▶ DIRECTIONS
Output the listing below verbatim, but drop the images.

─── PROVIDED MATERIAL

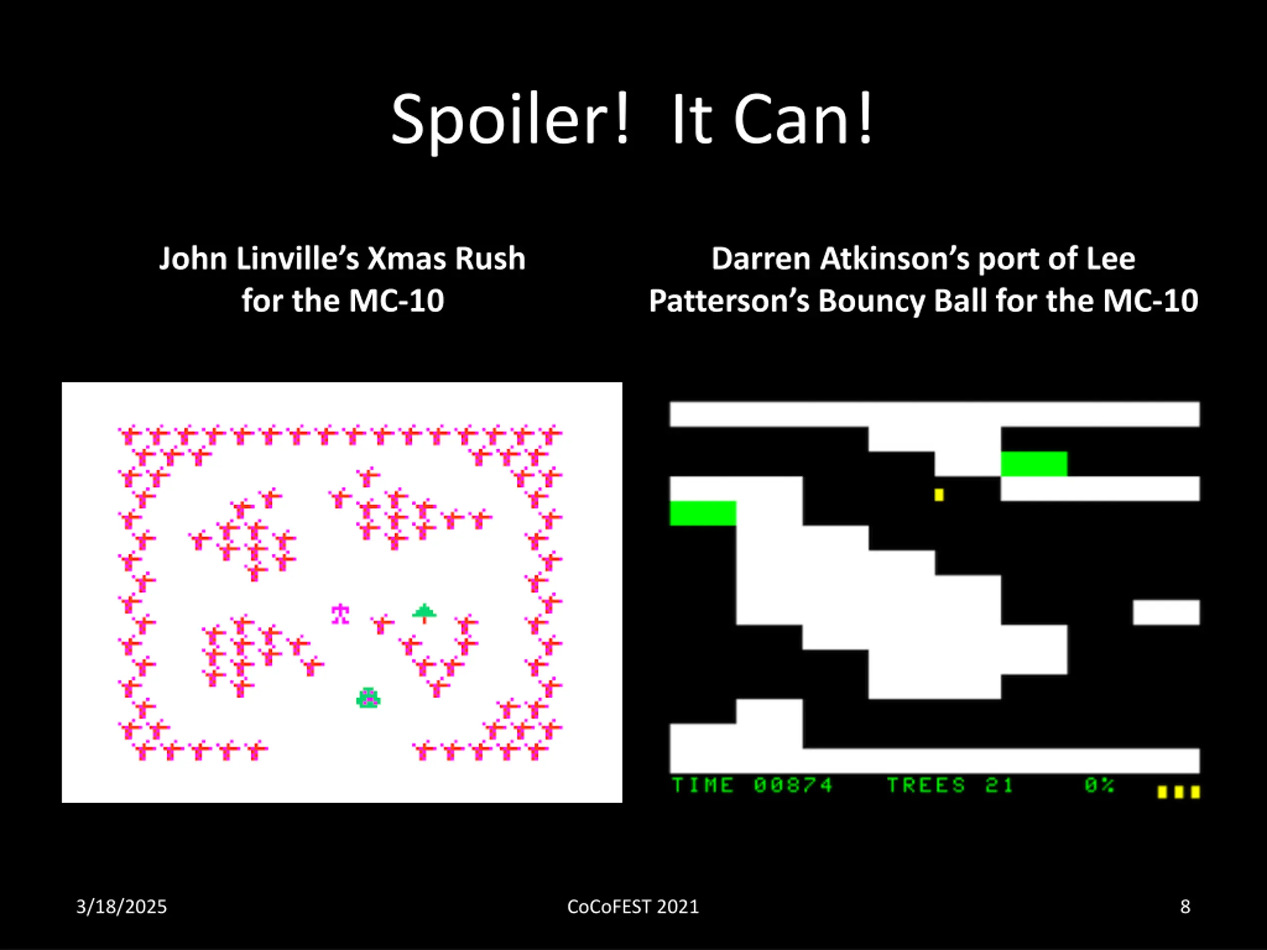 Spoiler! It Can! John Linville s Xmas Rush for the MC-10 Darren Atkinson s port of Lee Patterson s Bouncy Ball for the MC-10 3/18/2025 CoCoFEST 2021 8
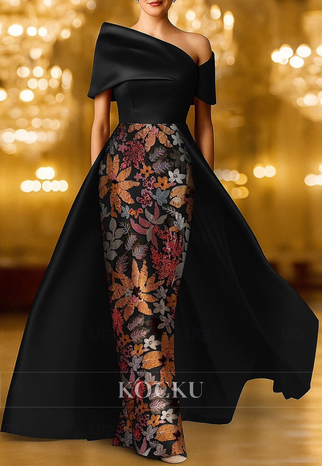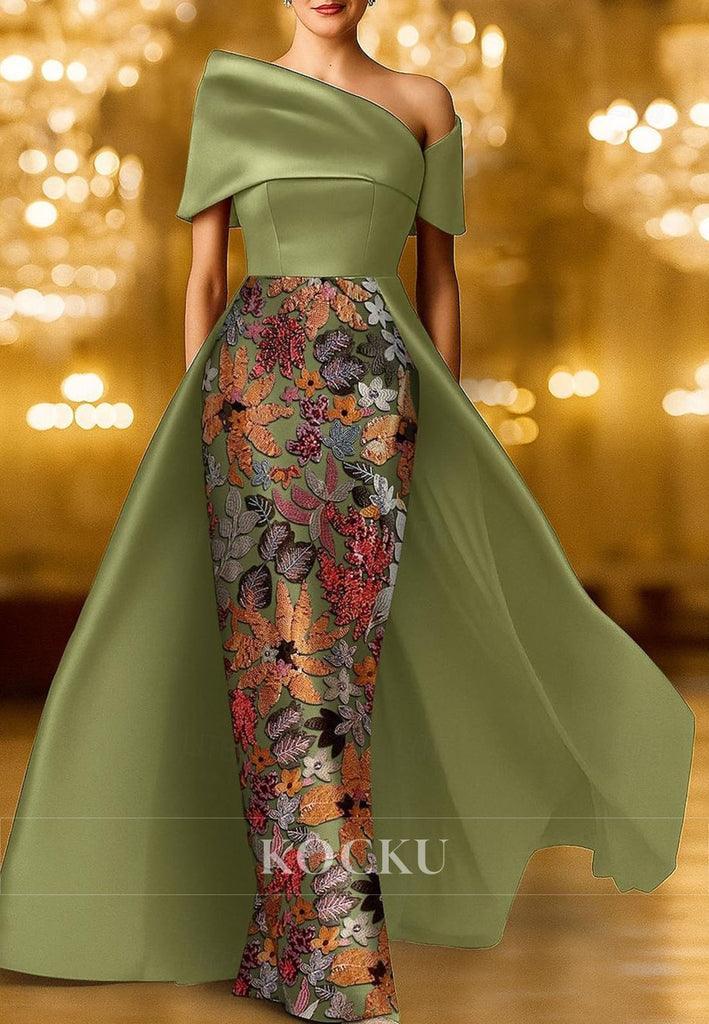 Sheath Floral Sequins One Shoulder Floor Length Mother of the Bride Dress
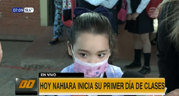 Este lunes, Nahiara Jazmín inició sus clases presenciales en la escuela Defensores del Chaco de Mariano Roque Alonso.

──────

▶ RESULT BELOW
 Spoiler! It Can! John Linville s Xmas Rush for the MC-10 Darren Atkinson s port of Lee Patterson s Bouncy Ball for the MC-10 3/18/2025 CoCoFEST 2021 8
 Sheath Floral Sequins One Shoulder Floor Length Mother of the Bride Dress
 Este lunes, Nahiara Jazmín inició sus clases presenciales en la escuela Defensores del Chaco de Mariano Roque Alonso.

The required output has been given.